• Assignment
Every line of the data must be retyped exactly as it stands.

• Data shown
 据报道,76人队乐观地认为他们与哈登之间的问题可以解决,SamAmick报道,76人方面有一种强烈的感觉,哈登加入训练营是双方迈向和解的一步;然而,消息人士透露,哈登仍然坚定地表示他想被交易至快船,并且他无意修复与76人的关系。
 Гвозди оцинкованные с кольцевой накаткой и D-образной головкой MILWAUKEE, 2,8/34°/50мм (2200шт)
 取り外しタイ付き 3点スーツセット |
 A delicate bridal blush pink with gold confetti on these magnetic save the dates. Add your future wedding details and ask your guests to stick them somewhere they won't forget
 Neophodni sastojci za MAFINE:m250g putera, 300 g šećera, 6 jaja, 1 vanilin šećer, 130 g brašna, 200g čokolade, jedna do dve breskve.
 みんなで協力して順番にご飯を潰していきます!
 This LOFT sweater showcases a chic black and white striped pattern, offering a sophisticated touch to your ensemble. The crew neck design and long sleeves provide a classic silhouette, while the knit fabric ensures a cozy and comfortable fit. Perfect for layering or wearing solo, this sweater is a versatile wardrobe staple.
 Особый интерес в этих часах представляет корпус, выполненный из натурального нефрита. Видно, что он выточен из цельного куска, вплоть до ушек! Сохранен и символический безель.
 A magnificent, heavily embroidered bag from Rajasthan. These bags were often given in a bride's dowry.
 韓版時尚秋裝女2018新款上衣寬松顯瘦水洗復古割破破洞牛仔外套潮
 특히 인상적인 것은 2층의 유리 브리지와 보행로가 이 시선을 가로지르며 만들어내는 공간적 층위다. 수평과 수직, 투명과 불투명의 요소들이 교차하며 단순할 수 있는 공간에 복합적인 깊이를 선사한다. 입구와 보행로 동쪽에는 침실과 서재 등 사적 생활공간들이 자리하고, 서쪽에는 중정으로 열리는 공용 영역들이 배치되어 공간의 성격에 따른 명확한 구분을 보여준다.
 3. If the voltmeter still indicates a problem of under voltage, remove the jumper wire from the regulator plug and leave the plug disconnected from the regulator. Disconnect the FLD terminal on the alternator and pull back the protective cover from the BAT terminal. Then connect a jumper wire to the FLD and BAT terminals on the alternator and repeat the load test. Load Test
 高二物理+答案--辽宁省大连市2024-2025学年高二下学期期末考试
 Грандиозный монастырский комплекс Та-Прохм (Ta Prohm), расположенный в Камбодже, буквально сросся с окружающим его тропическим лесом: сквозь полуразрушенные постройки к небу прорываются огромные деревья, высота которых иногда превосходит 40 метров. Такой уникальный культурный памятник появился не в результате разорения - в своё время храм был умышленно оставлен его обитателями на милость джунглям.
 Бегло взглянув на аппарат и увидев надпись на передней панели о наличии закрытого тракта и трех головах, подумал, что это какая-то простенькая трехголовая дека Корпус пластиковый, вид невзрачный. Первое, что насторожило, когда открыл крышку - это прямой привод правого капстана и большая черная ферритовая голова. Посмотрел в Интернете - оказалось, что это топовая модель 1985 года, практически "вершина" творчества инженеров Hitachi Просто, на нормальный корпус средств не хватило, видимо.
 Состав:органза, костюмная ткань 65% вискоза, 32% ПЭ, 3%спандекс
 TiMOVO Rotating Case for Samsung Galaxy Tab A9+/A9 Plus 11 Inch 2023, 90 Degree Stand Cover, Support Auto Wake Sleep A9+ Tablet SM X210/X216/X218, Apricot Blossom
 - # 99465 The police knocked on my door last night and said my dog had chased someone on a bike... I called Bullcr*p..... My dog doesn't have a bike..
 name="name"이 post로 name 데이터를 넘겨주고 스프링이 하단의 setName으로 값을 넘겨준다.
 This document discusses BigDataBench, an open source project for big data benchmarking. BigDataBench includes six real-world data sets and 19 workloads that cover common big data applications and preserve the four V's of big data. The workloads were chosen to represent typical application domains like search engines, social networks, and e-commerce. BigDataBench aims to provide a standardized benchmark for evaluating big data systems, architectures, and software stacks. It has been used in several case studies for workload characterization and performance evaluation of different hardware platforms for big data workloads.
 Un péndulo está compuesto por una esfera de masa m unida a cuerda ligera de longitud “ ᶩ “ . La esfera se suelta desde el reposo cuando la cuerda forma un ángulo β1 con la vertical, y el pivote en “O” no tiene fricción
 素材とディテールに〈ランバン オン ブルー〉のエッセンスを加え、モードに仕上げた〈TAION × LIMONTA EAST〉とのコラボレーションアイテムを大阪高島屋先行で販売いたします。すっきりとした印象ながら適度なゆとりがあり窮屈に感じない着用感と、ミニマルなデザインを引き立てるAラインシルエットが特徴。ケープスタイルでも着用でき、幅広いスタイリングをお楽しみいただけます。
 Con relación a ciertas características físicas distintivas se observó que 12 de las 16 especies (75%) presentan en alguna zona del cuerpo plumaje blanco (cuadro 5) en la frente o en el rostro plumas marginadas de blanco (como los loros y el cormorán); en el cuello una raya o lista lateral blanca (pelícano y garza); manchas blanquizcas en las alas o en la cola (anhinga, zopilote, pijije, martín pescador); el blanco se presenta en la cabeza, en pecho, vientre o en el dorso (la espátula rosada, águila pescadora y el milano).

• Result of the task
 据报道,76人队乐观地认为他们与哈登之间的问题可以解决,SamAmick报道,76人方面有一种强烈的感觉,哈登加入训练营是双方迈向和解的一步;然而,消息人士透露,哈登仍然坚定地表示他想被交易至快船,并且他无意修复与76人的关系。
 Гвозди оцинкованные с кольцевой накаткой и D-образной головкой MILWAUKEE, 2,8/34°/50мм (2200шт)
 取り外しタイ付き 3点スーツセット |
 A delicate bridal blush pink with gold confetti on these magnetic save the dates. Add your future wedding details and ask your guests to stick them somewhere they won't forget
 Neophodni sastojci za MAFINE:m250g putera, 300 g šećera, 6 jaja, 1 vanilin šećer, 130 g brašna, 200g čokolade, jedna do dve breskve.
 みんなで協力して順番にご飯を潰していきます!
 This LOFT sweater showcases a chic black and white striped pattern, offering a sophisticated touch to your ensemble. The crew neck design and long sleeves provide a classic silhouette, while the knit fabric ensures a cozy and comfortable fit. Perfect for layering or wearing solo, this sweater is a versatile wardrobe staple.
 Особый интерес в этих часах представляет корпус, выполненный из натурального нефрита. Видно, что он выточен из цельного куска, вплоть до ушек! Сохранен и символический безель.
 A magnificent, heavily embroidered bag from Rajasthan. These bags were often given in a bride's dowry.
 韓版時尚秋裝女2018新款上衣寬松顯瘦水洗復古割破破洞牛仔外套潮
 특히 인상적인 것은 2층의 유리 브리지와 보행로가 이 시선을 가로지르며 만들어내는 공간적 층위다. 수평과 수직, 투명과 불투명의 요소들이 교차하며 단순할 수 있는 공간에 복합적인 깊이를 선사한다. 입구와 보행로 동쪽에는 침실과 서재 등 사적 생활공간들이 자리하고, 서쪽에는 중정으로 열리는 공용 영역들이 배치되어 공간의 성격에 따른 명확한 구분을 보여준다.
 3. If the voltmeter still indicates a problem of under voltage, remove the jumper wire from the regulator plug and leave the plug disconnected from the regulator. Disconnect the FLD terminal on the alternator and pull back the protective cover from the BAT terminal. Then connect a jumper wire to the FLD and BAT terminals on the alternator and repeat the load test. Load Test
 高二物理+答案--辽宁省大连市2024-2025学年高二下学期期末考试
 Грандиозный монастырский комплекс Та-Прохм (Ta Prohm), расположенный в Камбодже, буквально сросся с окружающим его тропическим лесом: сквозь полуразрушенные постройки к небу прорываются огромные деревья, высота которых иногда превосходит 40 метров. Такой уникальный культурный памятник появился не в результате разорения - в своё время храм был умышленно оставлен его обитателями на милость джунглям.
 Бегло взглянув на аппарат и увидев надпись на передней панели о наличии закрытого тракта и трех головах, подумал, что это какая-то простенькая трехголовая дека Корпус пластиковый, вид невзрачный. Первое, что насторожило, когда открыл крышку - это прямой привод правого капстана и большая черная ферритовая голова. Посмотрел в Интернете - оказалось, что это топовая модель 1985 года, практически "вершина" творчества инженеров Hitachi Просто, на нормальный корпус средств не хватило, видимо.
 Состав:органза, костюмная ткань 65% вискоза, 32% ПЭ, 3%спандекс
 TiMOVO Rotating Case for Samsung Galaxy Tab A9+/A9 Plus 11 Inch 2023, 90 Degree Stand Cover, Support Auto Wake Sleep A9+ Tablet SM X210/X216/X218, Apricot Blossom
 - # 99465 The police knocked on my door last night and said my dog had chased someone on a bike... I called Bullcr*p..... My dog doesn't have a bike..
 name="name"이 post로 name 데이터를 넘겨주고 스프링이 하단의 setName으로 값을 넘겨준다.
 This document discusses BigDataBench, an open source project for big data benchmarking. BigDataBench includes six real-world data sets and 19 workloads that cover common big data applications and preserve the four V's of big data. The workloads were chosen to represent typical application domains like search engines, social networks, and e-commerce. BigDataBench aims to provide a standardized benchmark for evaluating big data systems, architectures, and software stacks. It has been used in several case studies for workload characterization and performance evaluation of different hardware platforms for big data workloads.
 Un péndulo está compuesto por una esfera de masa m unida a cuerda ligera de longitud “ ᶩ “ . La esfera se suelta desde el reposo cuando la cuerda forma un ángulo β1 con la vertical, y el pivote en “O” no tiene fricción
 素材とディテールに〈ランバン オン ブルー〉のエッセンスを加え、モードに仕上げた〈TAION × LIMONTA EAST〉とのコラボレーションアイテムを大阪高島屋先行で販売いたします。すっきりとした印象ながら適度なゆとりがあり窮屈に感じない着用感と、ミニマルなデザインを引き立てるAラインシルエットが特徴。ケープスタイルでも着用でき、幅広いスタイリングをお楽しみいただけます。
 Con relación a ciertas características físicas distintivas se observó que 12 de las 16 especies (75%) presentan en alguna zona del cuerpo plumaje blanco (cuadro 5) en la frente o en el rostro plumas marginadas de blanco (como los loros y el cormorán); en el cuello una raya o lista lateral blanca (pelícano y garza); manchas blanquizcas en las alas o en la cola (anhinga, zopilote, pijije, martín pescador); el blanco se presenta en la cabeza, en pecho, vientre o en el dorso (la espátula rosada, águila pescadora y el milano).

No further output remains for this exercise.